EXERCISE DESCRIPTION.
An exact copy of the data is required. No picture may appear in it.

══ STORED DATA ══

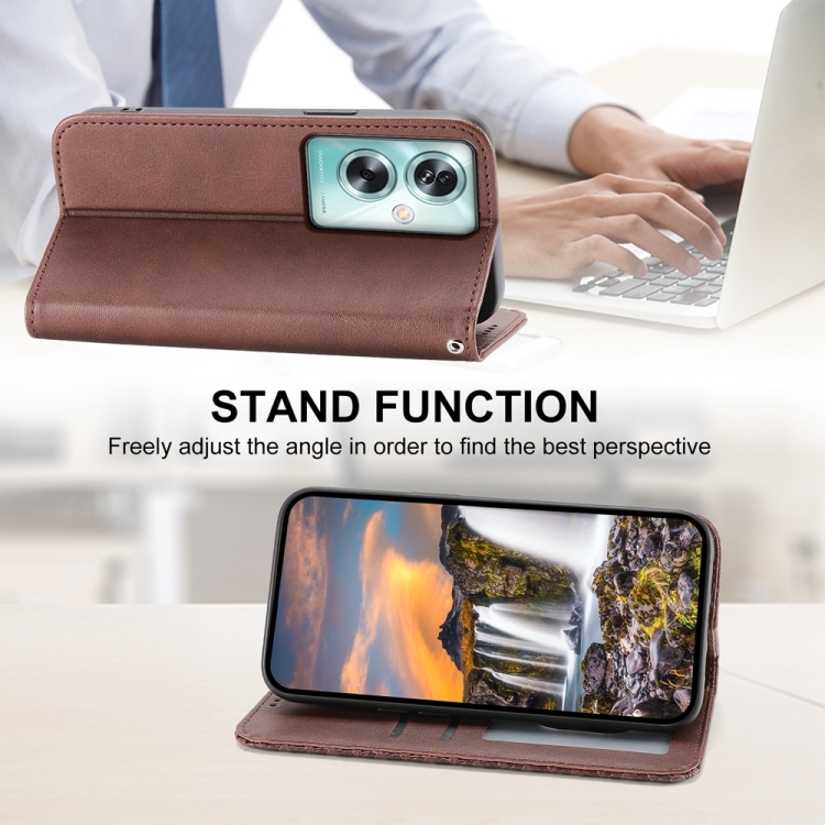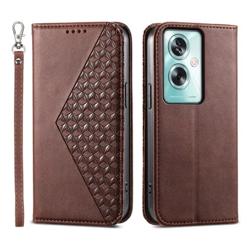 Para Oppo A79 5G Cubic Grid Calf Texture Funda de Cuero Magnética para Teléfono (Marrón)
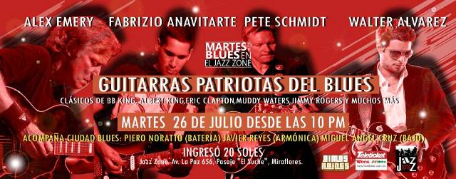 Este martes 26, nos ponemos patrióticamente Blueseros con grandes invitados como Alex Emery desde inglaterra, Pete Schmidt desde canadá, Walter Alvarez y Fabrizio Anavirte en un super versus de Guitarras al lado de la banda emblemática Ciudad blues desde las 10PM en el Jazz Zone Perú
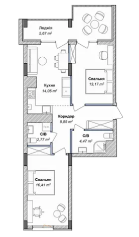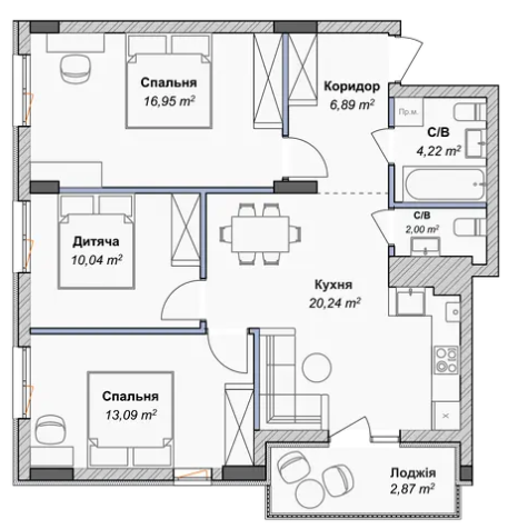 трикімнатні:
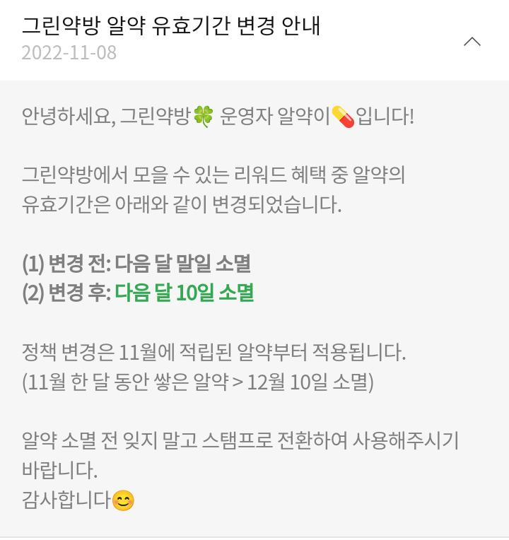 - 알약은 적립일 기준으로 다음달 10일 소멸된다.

═══

TASK RESPONSE.
 Para Oppo A79 5G Cubic Grid Calf Texture Funda de Cuero Magnética para Teléfono (Marrón)
 Este martes 26, nos ponemos patrióticamente Blueseros con grandes invitados como Alex Emery desde inglaterra, Pete Schmidt desde canadá, Walter Alvarez y Fabrizio Anavirte en un super versus de Guitarras al lado de la banda emblemática Ciudad blues desde las 10PM en el Jazz Zone Perú
 трикімнатні:
 - 알약은 적립일 기준으로 다음달 10일 소멸된다.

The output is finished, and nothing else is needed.